Thanks to @quinnanya for her extensive review 👏. Once @broomgrass submits her review, I'll summarize both and provide some guidance on revisions @mjlavin80, and then we can discuss changes to the lesson.

quinnanya commented 5 years ago

@ZoeLeBlanc I wasn't actually able to find the notebook or code to run the lesson itself. Do you have a pointer, or is that not usually ready at this stage?

ZoeLeBlanc commented 5 years ago

@quinnanya I think the repository Matt is referring to is this one https://github.com/mjlavin80/tf-idf-programming-historian-draft . I think the idea is to create a jupyter notebook in that repo though I still need to clarify with him. I think the ideal solution would be to move data and a jupyter notebook example into the assets folder here. Thanks for bringing this up!

mjlavin80 commented 5 years ago

@quinnanya, thanks for your response! From what I've read so far, you've provided really thoughtful and constructive feedback. @ZoeLeBlanc is right that the lesson files are located at https://github.com/mjlavin80/tf-idf-programming-historian-draft. This repo is linked in the draft lesson, but I suspect the link needs to be more prominent. However, if I recall correctly, I didn't put a Jupyter Notebook into the repo because I assumed the reader would make their own empty notebook and paste code blocks as they went through the lesson. That said, I'm happy to make a notebook and add it to the repo.

quinnanya commented 5 years ago

@ZoeLeBlanc Thanks! Would it help for me me to create a draft notebook with the code mentioned and try running the lesson on the data in that directory, and post more feedback?

Oops, @mjlavin80, just saw your comment. I usually prepackage notebooks myself, so wasn't thinking about copying and pasting. Might be worth staring explicitly?

I'll try that and add any comments. Thanks!

broomgrass commented 5 years ago

Hi all! Just working through the final draft of my review, and @quinnanya covered many of the similar things!

I had similar questions about the repo - I ended up downloading it and making a new Jupyter notebook in the folder, which worked, but I think making the process a little more explicit at an earlier part of the lesson would be helpful.

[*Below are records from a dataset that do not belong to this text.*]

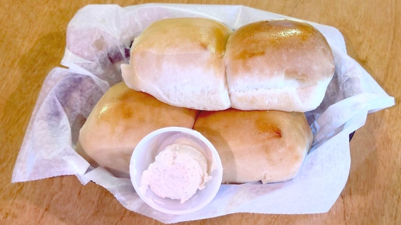 If you're new to the Roadhouse, these aren't your typical rolls and butter combo. The butter is a little bit of heaven. While the roll itself features sweet dough, the butter acts as another sweet component with the honey and cinnamon swirled in. But it's not overpowering at all — it complements the buttered roll perfectly. I also adore how the top of the rolls are brushed with butter before they're cooked, offering a nice and light shell that covers that soft, pillowy inside.
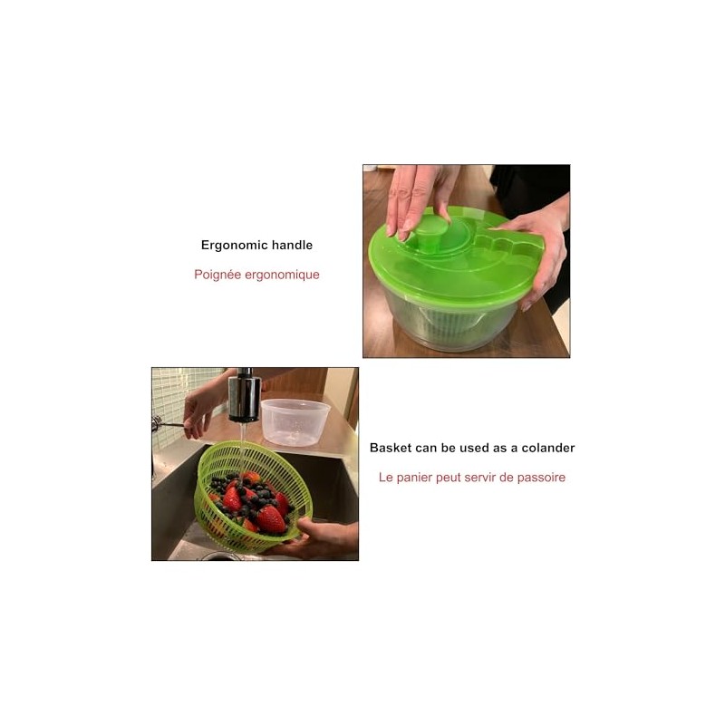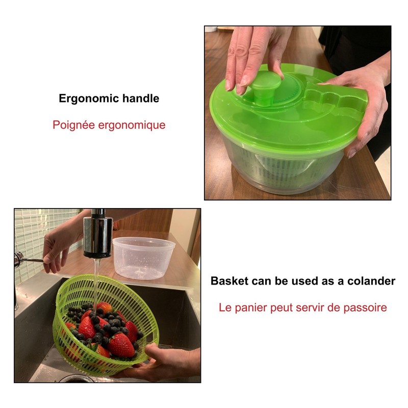 - 4.2QT (4L) salad spinner removes excess water for crisp greens
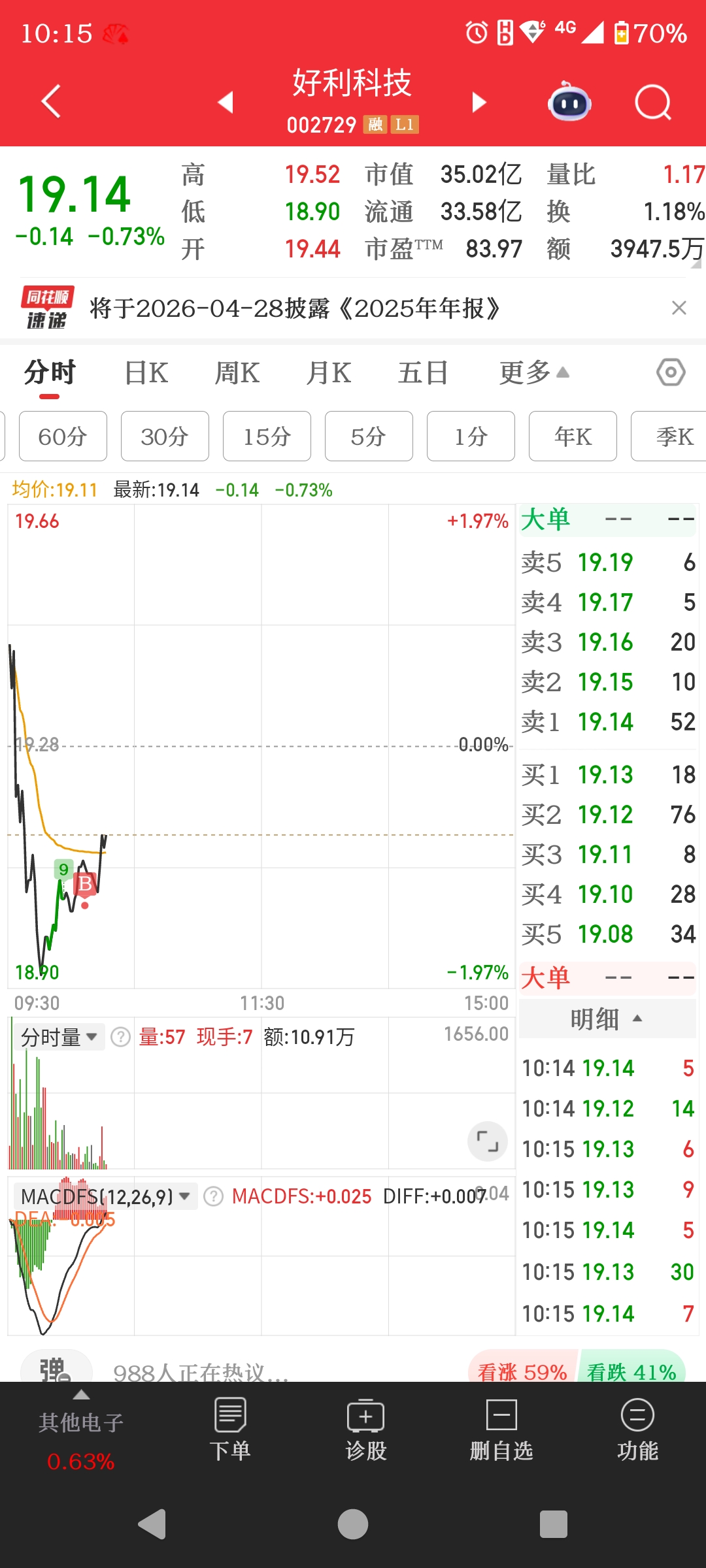 $好利科技(SZ002729)$ 虚空买入了,牛逼
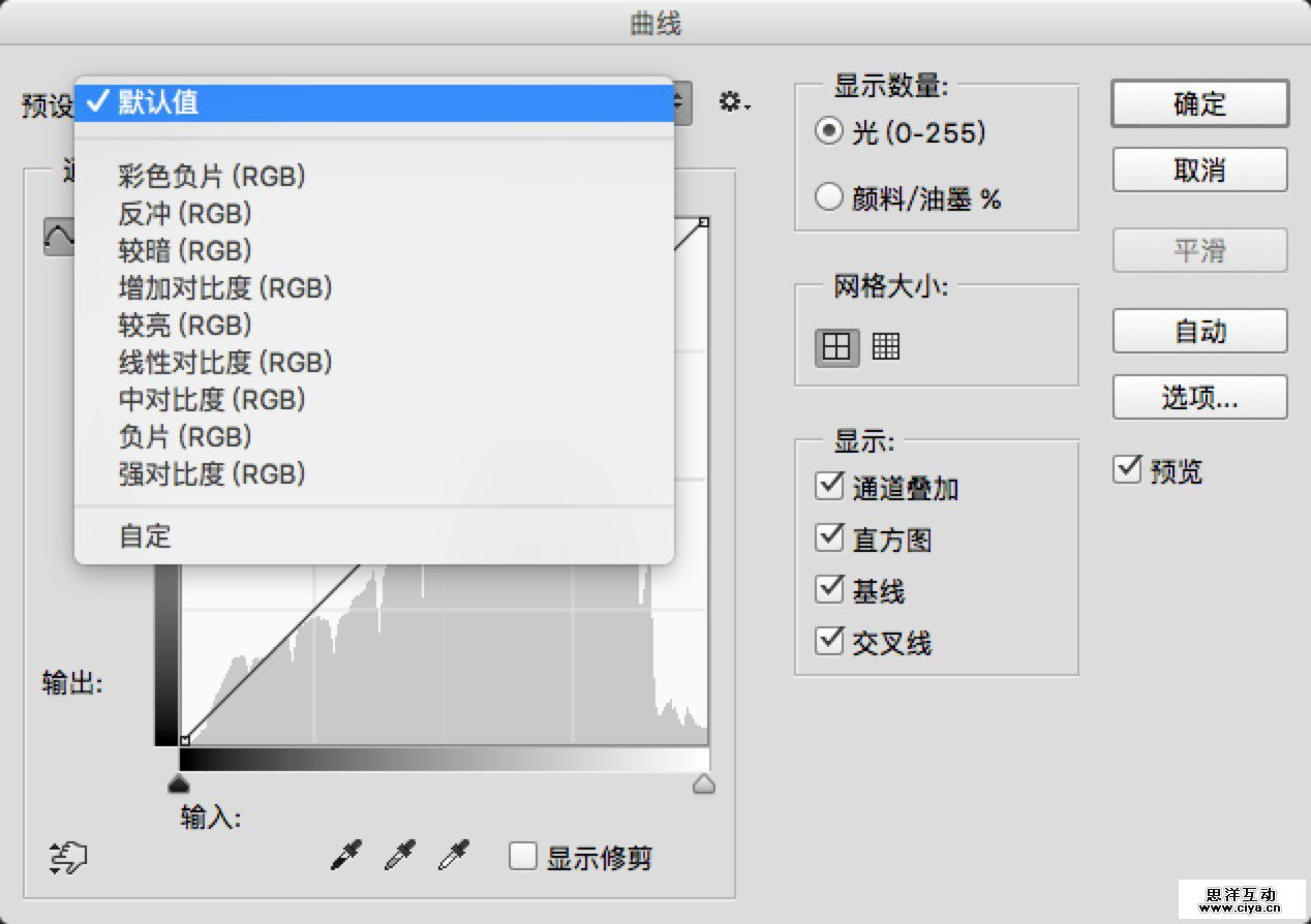 1,预设选择,PS软件本身为我们提供了一些常用的效果曲线,方便我们快速修片;

Should have my review up and posted within a couple hours! :)

broomgrass commented 5 years ago

Hi everyone! Overall, I think this is a very clear and concise description of tf-idf, and I’m thankful to have it for my own reference! In particular, I think it works well to introduce someone to tf-idf both for its own sake and as a precursor/part of other methods – or, in other words, it certainly fulfills the stated purpose of the tutorial.

I also appreciate that @mjlavin80 identifies not just where the methods can be used for exploration, but also some of the assumptions and pitfalls to watch out for. There is more praise for particular elements that jumped out at me in the running commentary below, interspersed with some typos that I noticed and some other suggestions that may help improve the tutorial.

Happy to answer any follow-up questions, etc, if anything is unclear!


ZoeLeBlanc commented 5 years ago

Thanks @quinnanya & @broomgrass for these in depth reviews 👏 . I'll need a bit of time to summarize them but should have that done by next Monday April 8th. I'll ping you @mjlavin80 once I post them here, and then we can discuss the recommendations and determine a timeline for you to incorporate these changes into the lesson.

mjlavin80 commented 5 years ago

Roger that. Thank you @quinnanya, @broomgrass, and @ZoeLeBlanc!

ZoeLeBlanc commented 5 years ago

Just a quick update! Apologies for the delay I came down with a case of bad allergies the last few days. Currently working on consolidating both reviews and should have it here by Saturday April 13. Sorry again!

mjlavin80 commented 5 years ago

No problem @ZoeLeBlanc. Next week is our last week of classes, so I probably won't be able to look at it until Friday, April 19 anyway.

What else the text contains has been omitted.